You’ll be able to figure out where “Run” is headed pretty quickly, but that doesn’t detract from the precise thrills and campy fun along the way.

This is the follow-up from the guys who made 2018’s “Searching,” a taut, clever thriller starring John Cho as a frantic dad looking for his missing daughter, which took place (almost) entirely within the confines of laptop and cell phone screens. It was a gimmick, but a brilliantly executed one, and it offered Cho the opportunity to give a tour-de-force performance in a situation where there’s nowhere to hide.

With just their second feature, director Aneesh Chaganty and his co-writer, Sev Ohanian, expand the scenery but maintain the same tight narrative focus. And even as things get a little nutty by the end in a way that deviates from the quiet, slow burn that came before, the performances in what is essentially a two-hander always remain gripping. We’ve seen Sarah Paulson do this sort of simmering-beneath-the-surface insanity for years, but it’s always chilling to watch. Her technique is so specific, and she keeps you on edge with just the slightest facial expression or unexpected line delivery. But the great discovery of “Run” is Kiera Allen, making her feature film debut. As if performing opposite one of the greats working today weren’t daunting enough, “Run” asks a ton of Allen in a physically and emotionally arduous role, and she’s up for every challenge. She’s a real find and a joy to watch.

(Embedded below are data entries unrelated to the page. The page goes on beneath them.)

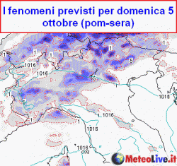 domenica 5 ottobre: all’estremo sud addensamenti residui con qualche occasionale rovescio ma con tendenza a miglioramento, al centro bel tempo, al nord dapprima bello, salvo locali foschie o nebbie, poi nubi in aumento sulle Alpi, la Liguria ed il settore occidentale con possibili piovaschi o brevi rovesci pomeridiani. Temperature in lieve calo al nord-ovest, in aumento altrove.
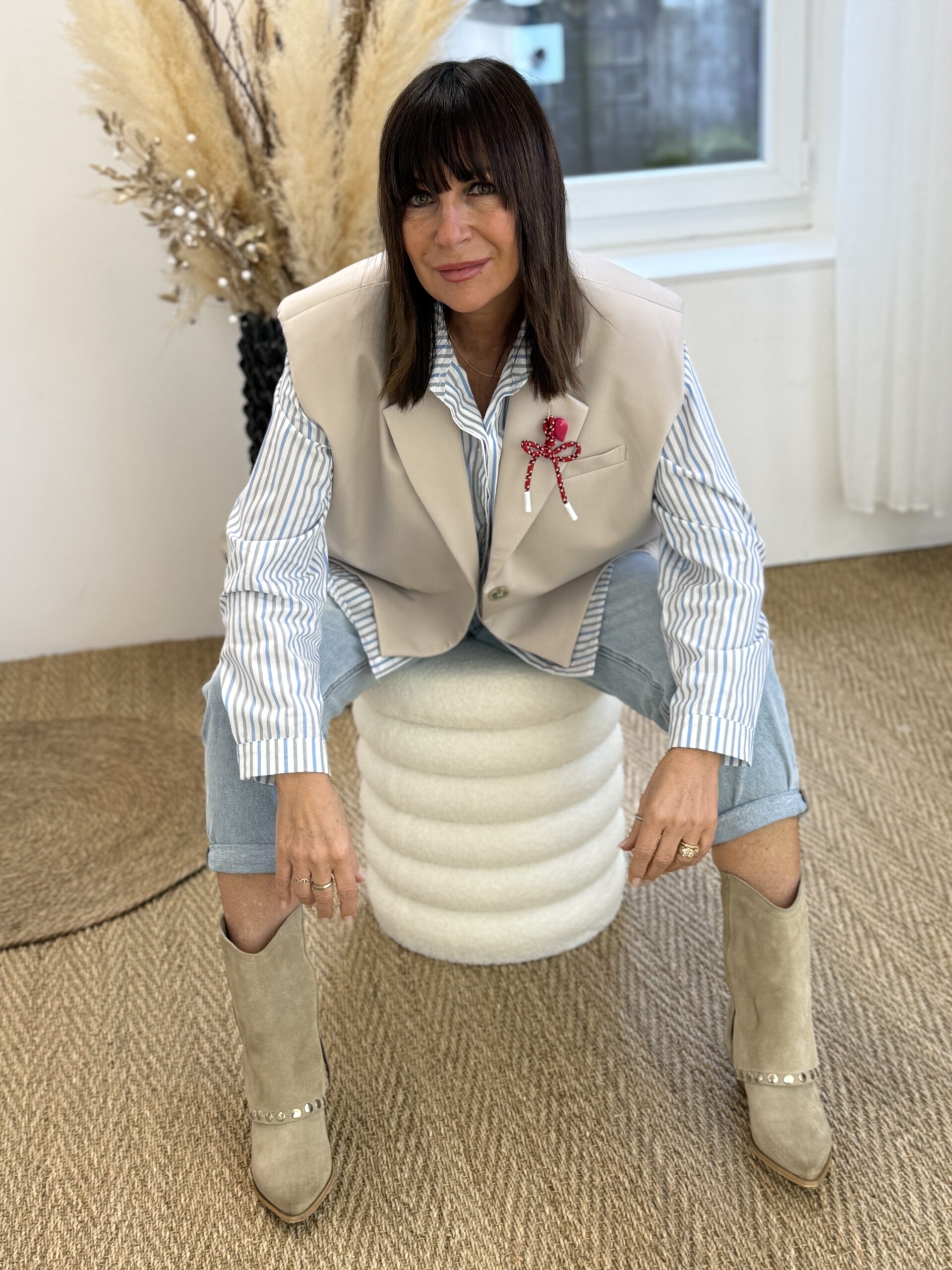 La chemise rayée insuffle une fraîcheur classique subtilement revisitée.
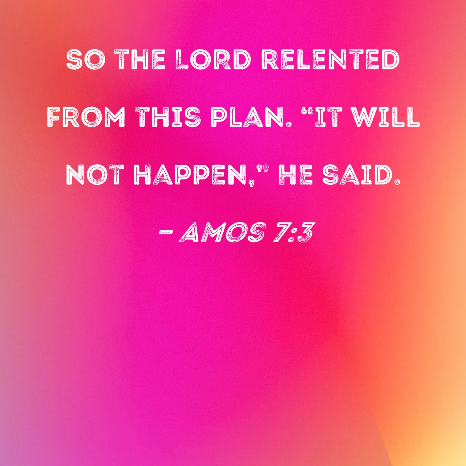 Amos 7:3 So the LORD relented from this plan. "It will not happen," He said.
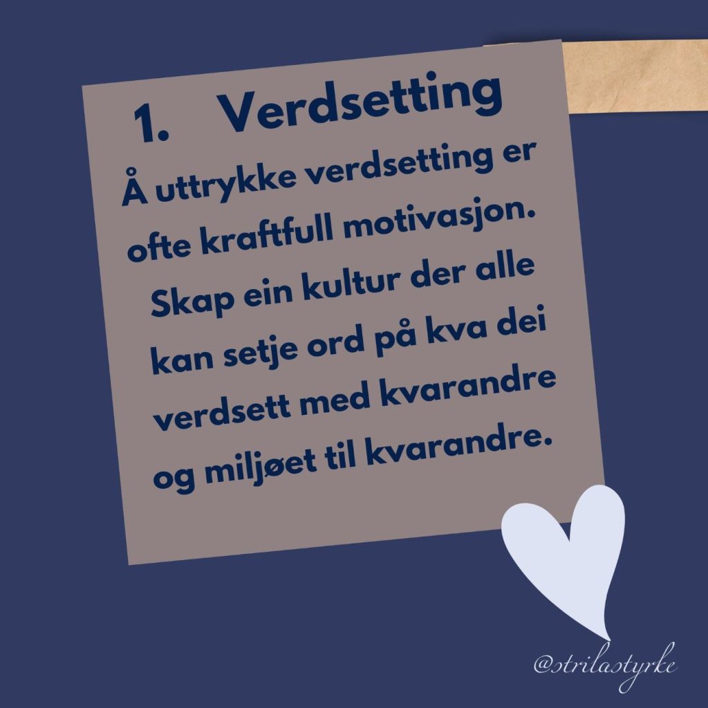 1. Klarar å vere verbal og fysisk i å vise og uttrykke kva dei verdsetter. Både med seg sjølv, med sine kollegaer og miljøet dei er i.
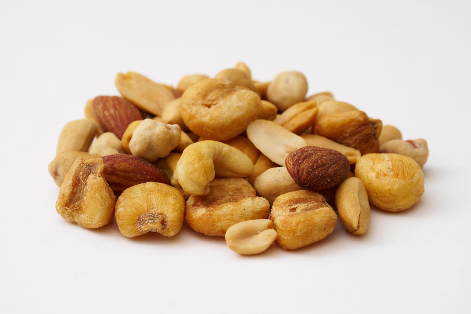 ●原材料名:バタピーナッツ(中国加工)、落花生加工品(中国加工)、ジャイアントコーン加工品(ペルー加工)、アーモンド(アメリカ産)、カシューナッツ(インド、ベトナム産)、食塩/調味料(アミノ酸等)、(一部に小麦・落花生・アーモンド・カシューナッツを含む)
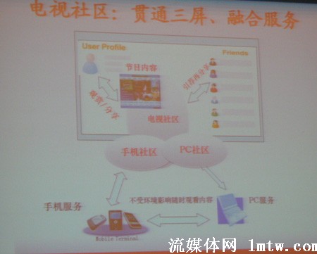 百視通在數(shù)月前便發(fā)布了三屏融合戰(zhàn)略,據(jù)李川介紹,百視通是從節(jié)目分享開始著手的。比如發(fā)一個(gè)片花到手機(jī)上,用戶喜歡的話可以定制,IPTV上設(shè)一個(gè)入口,兩相對接,用戶點(diǎn)一兩個(gè)鍵就可以很方便的看到他需要的視頻,從而解決了不斷翻頁造成用戶流失的問題。而在電腦上,也可以實(shí)現(xiàn)這樣的定制,甚至是異地傳送。亦即即使出差在外地,也可以很簡單的通過互聯(lián)網(wǎng)定制IPTV節(jié)目送給家人、朋友。
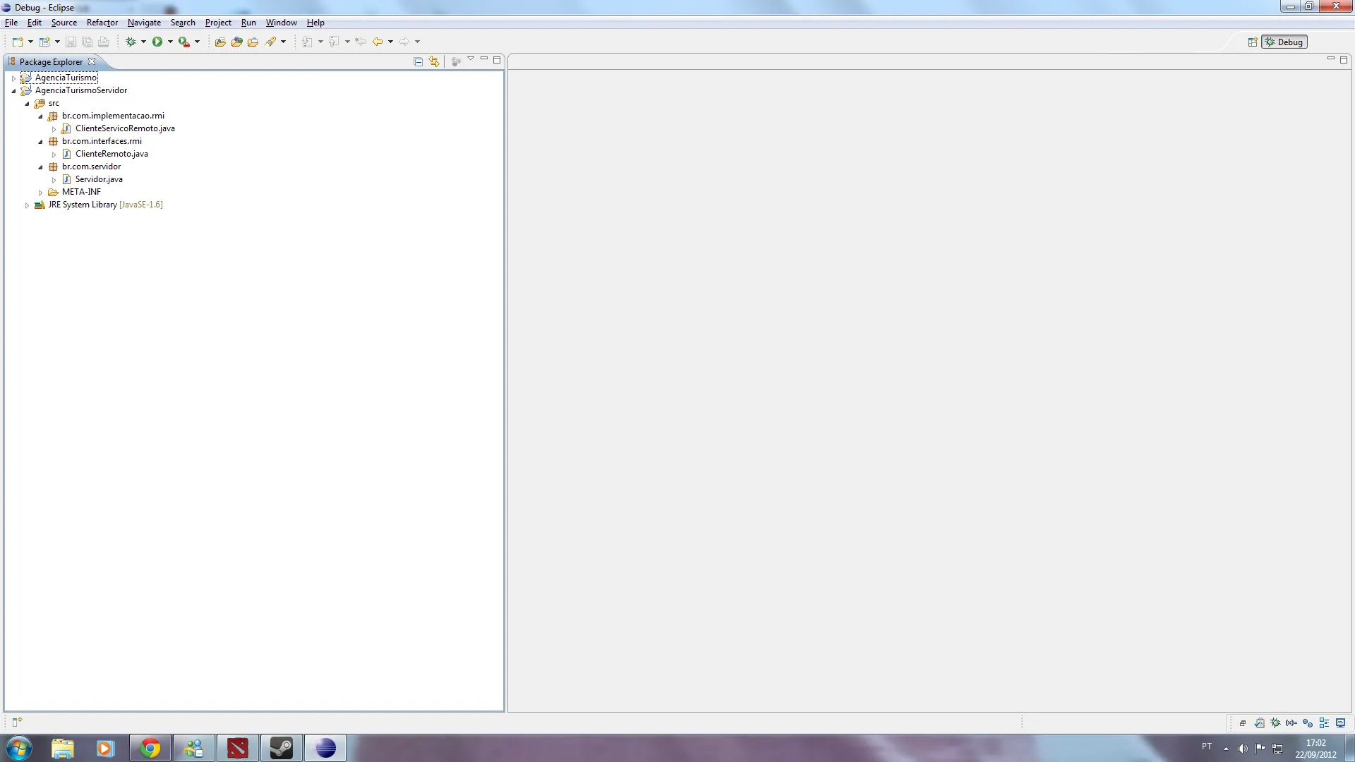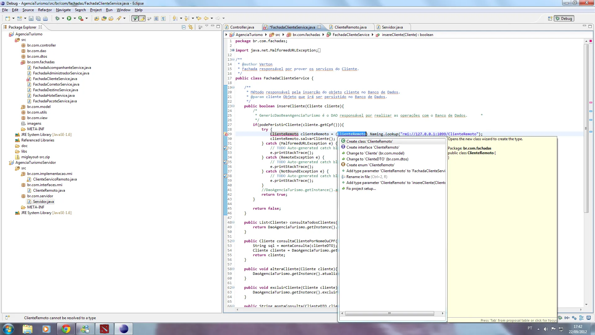 A classe Servidor deveria esta no projeto Agencia de Turismo. O qual teria que ter tambem as interfaces remotas…
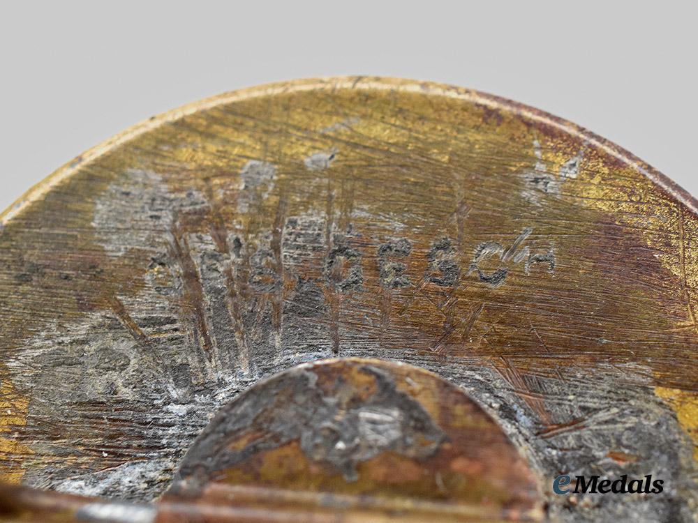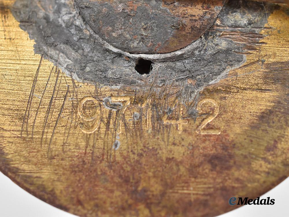 (Goldenes Ehrenzeichen der NSDAP). Constructed of gilded tombak with multi-coloured enamels, the obverse consisting of a circular oak leaf wreath, joined together at the bottom by ribbon, surrounding a white enameled disc bearing a central black mobile swastika, in turn situated within a red enameled ring bearing a gilt inscription of “NATIONAL-SOZIALISTISCHE D.A.P.”, then reverse with a horizontal pinback, stamped with an issue number of “97142”, otherwise unmarked but demonstrating the characteristics of manufacture by Deschler & Sohn, Munich, measuring 30.48 mm in diameter, weighing 12.2 grams, demonstrating flecking and scratching to the enamels with loss of finish throughout the base metal, in addition to period repair or re-attachment of the pinback, in very fine condition.
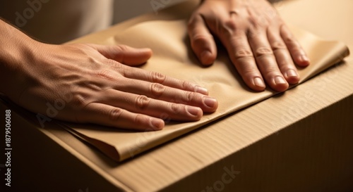 Close-up of hands wrapping a brown paper package on a wooden surface with soft lighting.
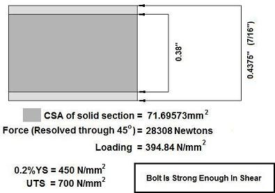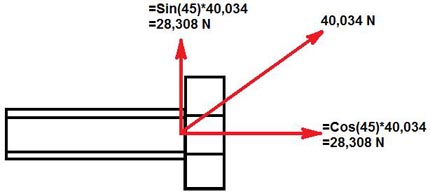 For the purpose of the making the following calculations we have to resolve the input force (at 45 degrees application angle) into a shear loading and a tensile loading component.
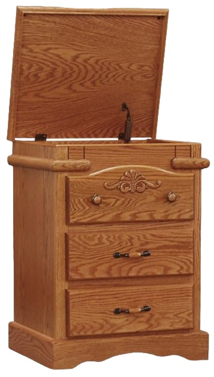The Vintage Brown 3-Drawer Nightstand with Flip Top combines classic charm with modern convenience. Featuring a rich brown finish, it offers three spacious drawers and a flip top for additional storage or surface space. This piece is perfect for adding functionality and vintage style to any bedroom.Read More
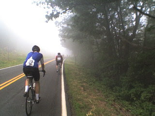 Two of the Ramblers made it to Pilot Mt to ride the 2008 edition of 3 Mountain Madness (aka 3 Mountain Metric). Red and Chum lined up, and Red would like everyone to know that he was in front of Chum for a good 30, er, meters or so. The peleton quickly splintered, and it was each Rambler for himself.
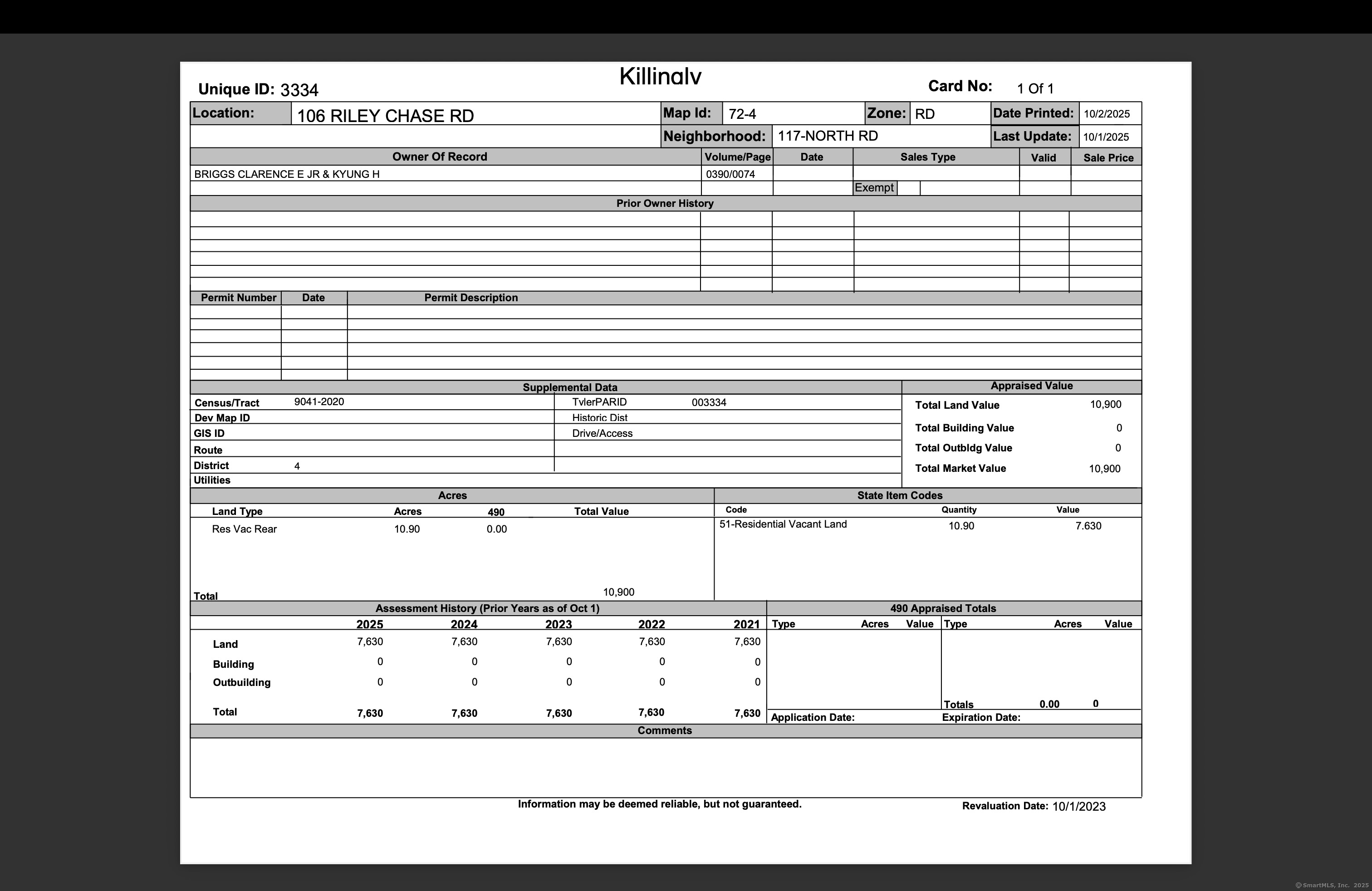 Discover the perfect opportunity to build your dream home or create a private retreat on this beautiful 10. 9-acre parcel located at 106 Riley Chase Road, Killingly, CT. Nestled in a quiet, rural setting, this expansive property offers plenty of space, privacy, and natural beauty. The gently rolling terrain provides multiple potential building sites, while the mature trees and natural landscape create a peaceful backdrop. Key Features: * 10. 9 acres of versatile land * Ideal for a single-family home, mini farm, or recreational getaway * Surrounded by nature with plenty of privacy * Easy access to major roads and nearby amenities * Located in a low-traffic, country setting while still being close to town Conveniently situated near the Rhode Island border and just a short drive to I-395, this property combines tranquility with accessibility. Whether you're looking to build now or invest for the future, this is an excellent opportunity at an affordable price point. Don't miss out on this peaceful slice of New England countryside. Schedule a walk-through today and imagine the possibilities! Buyer to do own due diligence and confirm zoning approval.
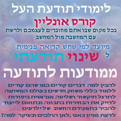 אשמח לענות על כל שאלה וללוות אתכם בתהליך השינוי שאתם חווים. מתעניינים להירשם לקורס ורוצים לשאול שאלות בעניין ,מוזמנים לי-צור קשר לשיחת ייעוץ אישי וירטואלית/טלפונית מקדימה ללא תשלום 052-4670045 בית שינוי תודעתי. תוכלו להצטרף לקבוצה קיימת או ליצור קבוצה חדשה – לבחור יום ושעה שנוחים לכם ,לתאם איתי ,לזמן עוד תלמידים להצטרף ללימוד ולהתחיל בתהליך
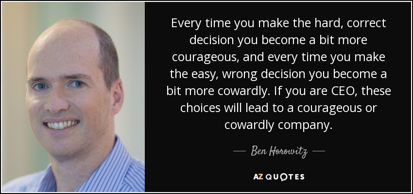 Every time you make the hard, correct decision you become a bit more courageous, and every time you make the easy, wrong decision you become a bit more cowardly. If you are CEO, these choices will lead to a courageous or cowardly company.
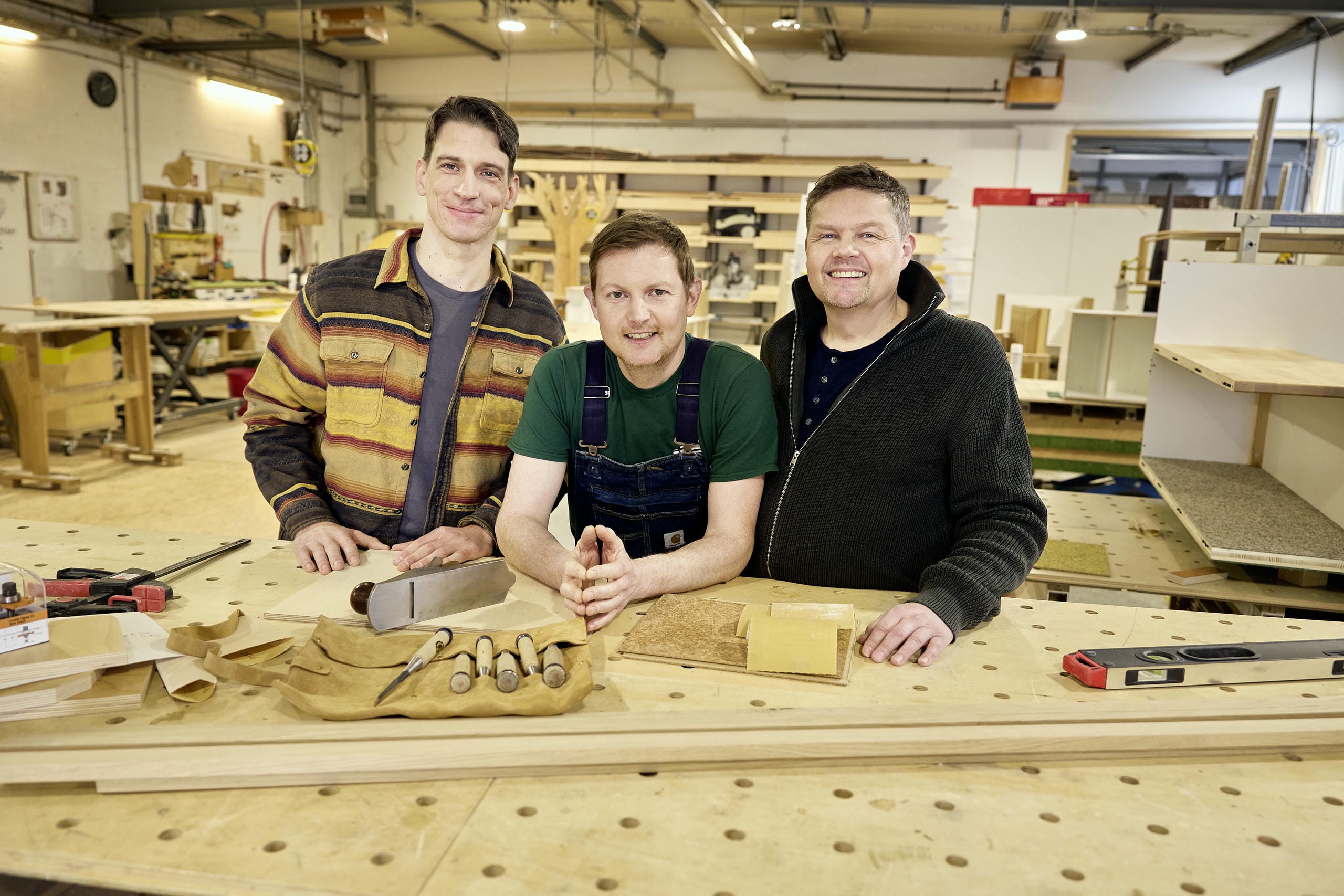 Drei Männer stehen lächelnd in einer Holzwerkstatt hinter einer Werkbank mit Werkzeugen; vor ihnen liegen Hobel, Stechbeitel und Holzproben, im Hintergrund sind Regale, Werkbänke und Holzelemente zu sehen.
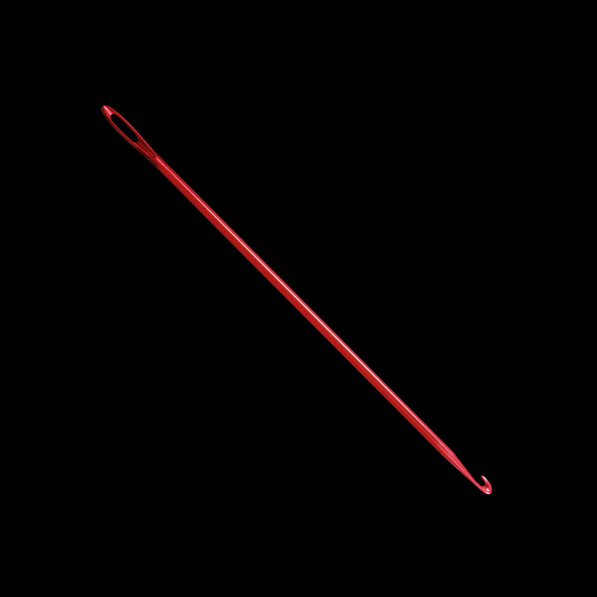 Knookingnaald lijkt heel erg op een gewone haaknaald, met als verschi dat er aan het uiteinde een oog zit. Het oog is voor de hulpdraad, op deze draad worden je steken tijdelijk gezet. Met de Knookingnaald kan iedereen breien.

“Run” begins, though, in a quietly harrowing way. With echoes of the Ryan Murphy series “Ratched,” we see Paulson’s Diane Sherman at a hospital where everything is bathed in a sickly green light. She’s just given birth to a tiny baby who arrived prematurely, and a title card lists a variety of illnesses including arrhythmia, asthma and diabetes. Seventeen years later, we see Diane living an extremely organized but seemingly happy life with her daughter, Chloe (Allen), who runs through her daily routine from her wheelchair. (Casting a disabled actress for this part also makes Allen an excellent choice.) This includes medications and physical therapy but also hours of homeschool, which Diane administers. Mom also cooks healthy meals with the vegetables she grows in her own garden. Everything is carefully controlled. Chloe is clearly an intelligent young woman, as evidenced by the many complex engineering projects she works on in her bedroom, and she would seem to have a bright future ahead of her.

Yeah, that’s the thing. Chloe has dreams of leaving home and her isolated town—and her mom—to study at the University of Washington, four hours away. It’s not that they have a dysfunctional relationship. It’s just that it’s only been the two of them in that remote house for so long, and since Chloe hasn’t been allowed an iPhone or internet access all these years—which is more than a tad suspicious—she’s understandably yearning to explore the outside world. The way Diane insists a little too defensively that she’s totally fine with this possibility during a support group meeting suggests that perhaps she’s … not.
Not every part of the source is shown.